Collected data
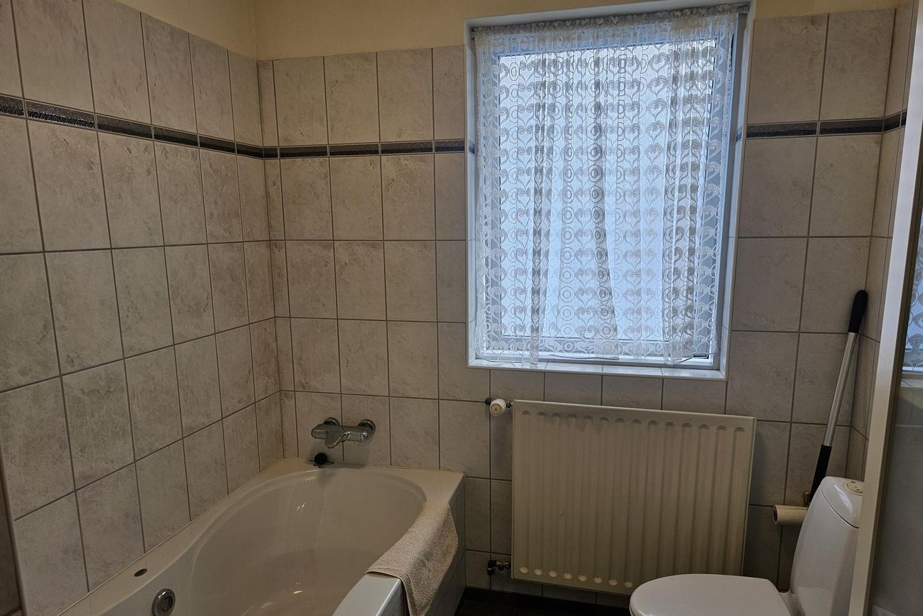Baðherbergi: Flísalagt í hólf og gólf. Góð hvít innrétting, baðkar og sturta.
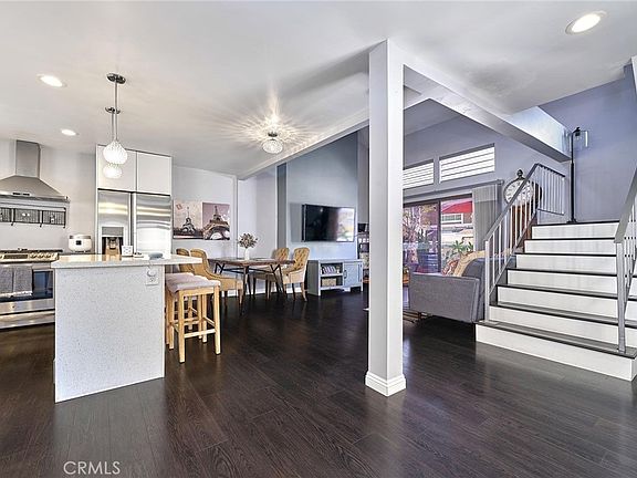 Modern comfort meets everyday convenience in this beautifully upgraded, end-unit condo nestled in one of La Habra’s most desirable communities. With only one shared wall, this home offers added privacy and a light, airy feel throughout. Step inside to discover soaring ceilings and rich dark laminate flooring that create a warm and inviting atmosphere from the moment you enter. The open-concept layout flows seamlessly into a fully renovated kitchen featuring sleek European-style custom cabinetry, including a hidden lazy Susan for added storage and functionality. The spacious island doubles as a breakfast bar and is topped with speckled quartz countertops, complemented by a full suite of stainless-steel appliances including a cooktop, oven, refrigerator, and dishwasher—making this space both stylish and practical for everyday living or entertaining. Upstairs, the spacious primary suite provides a peaceful retreat, complete with an adjoining loft area ideal for a home office, reading nook, or personal gym. The en-suite bathroom has been tastefully remodeled with a floating dual-sink vanity and a luxurious jet shower. The guest bathroom mirrors the same modern finishes with a matching floating vanity. Throughout the home, updated window coverings—including sleek zebra blinds—add a stylish finishing touch while allowing for flexible light control and privacy. For year-round comfort, energy-efficient mini split systems have been installed to cool the entire home with ease. Residents also enjoy access to community amenities, including a sparkling pool and spa—perfect for unwinding at the end of the day. Ideally located near Trader Joe’s, Sam’s Club, Walmart, and a wide variety of local dining and shopping options, this home combines modern living with unmatched convenience. Move-in ready and beautifully updated, this La Habra gem is ready to welcome you home.
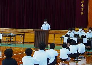 「いろいろなことがあっても、みんなで乗り越えてきました。『都於郡中』として4つの部活動が大会に出場できるのは、最後になるのかもしれません。だからこそ、3年間の集大成として完全燃焼し、『都於郡中』の名を刻めるように、最後まで全力で戦い抜くことを誓います」
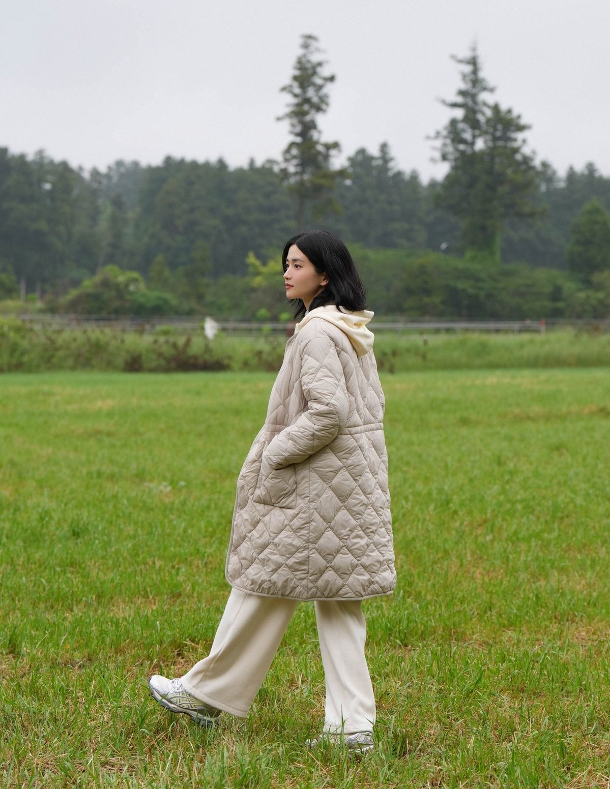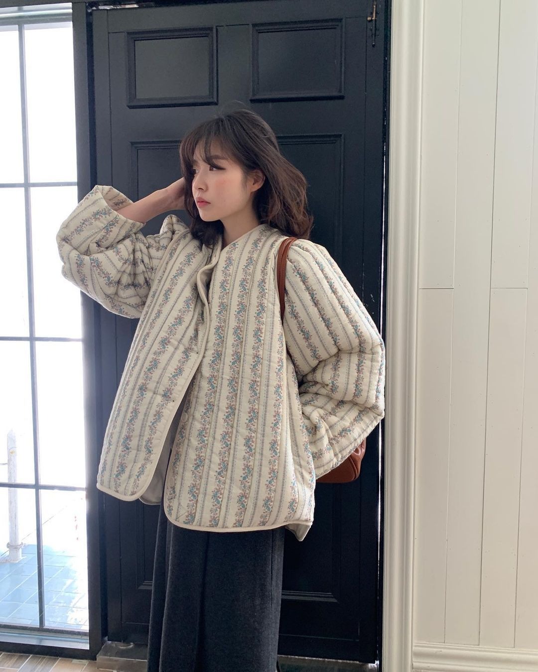 Young women in Vietnam, Korea, China, and Europe are embracing quilted vests, featuring floral patterns or solid colors. Young people refer to these designs as "grandma's vests" because elderly women traditionally wore them for daily tasks like going to the market or cooking. The vests feature sleeveless or long-sleeved styles, often made from a waterproof cotton-blend fabric with a cotton-padded interior and extensive quilting throughout the garment.
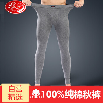 浪莎秋裤男单件纯棉薄款青年男士棉毛裤保暖线裤衬裤深灰 175/XL
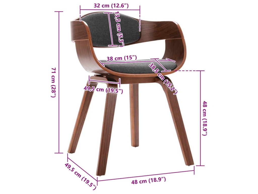Jídelní židle je potažená měkkou látkou a dobře polstrovaná, aby se vám na ní co nejlépe sedělo. Robustní rám z ohýbaného dřeva zdůrazňuje její jedinečnou krásu a styl. Vzhledem k ergonomickému tvaru židle se na ní můžete pohodlně uvelebit i na celé hodiny. Jedná se o perfektní volbu ke stolování, povídání, čtení, sledování televize nebo jen tak k odpočinku.
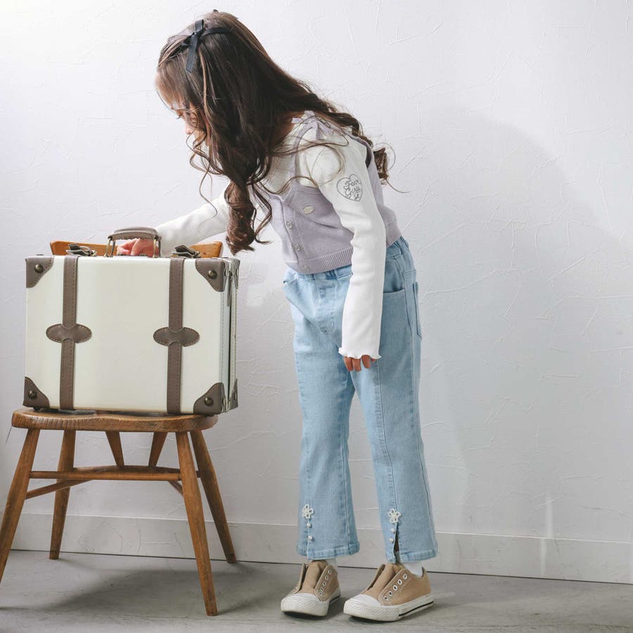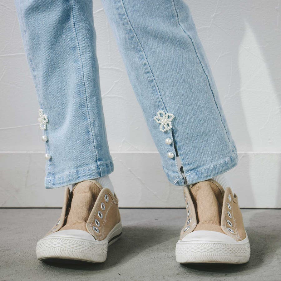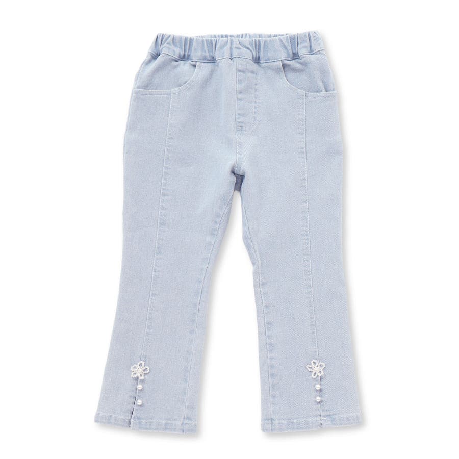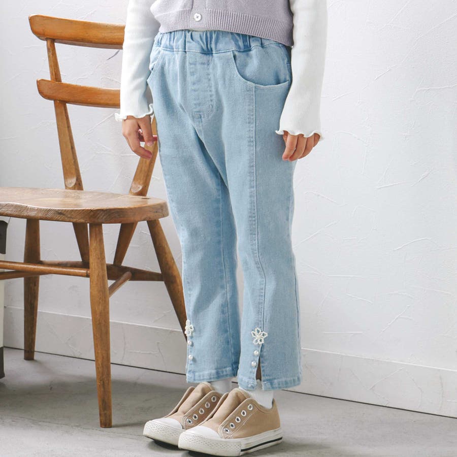裾スリットパール花付きツイルデニムパンツ(90~130cm)

Required action: Extract only the lines from the one that contains "Young women in" through the end of the records, inclusive, and omit every picture.

Written response:
 Young women in Vietnam, Korea, China, and Europe are embracing quilted vests, featuring floral patterns or solid colors. Young people refer to these designs as "grandma's vests" because elderly women traditionally wore them for daily tasks like going to the market or cooking. The vests feature sleeveless or long-sleeved styles, often made from a waterproof cotton-blend fabric with a cotton-padded interior and extensive quilting throughout the garment.
 浪莎秋裤男单件纯棉薄款青年男士棉毛裤保暖线裤衬裤深灰 175/XL
Jídelní židle je potažená měkkou látkou a dobře polstrovaná, aby se vám na ní co nejlépe sedělo. Robustní rám z ohýbaného dřeva zdůrazňuje její jedinečnou krásu a styl. Vzhledem k ergonomickému tvaru židle se na ní můžete pohodlně uvelebit i na celé hodiny. Jedná se o perfektní volbu ke stolování, povídání, čtení, sledování televize nebo jen tak k odpočinku.
裾スリットパール花付きツイルデニムパンツ(90~130cm)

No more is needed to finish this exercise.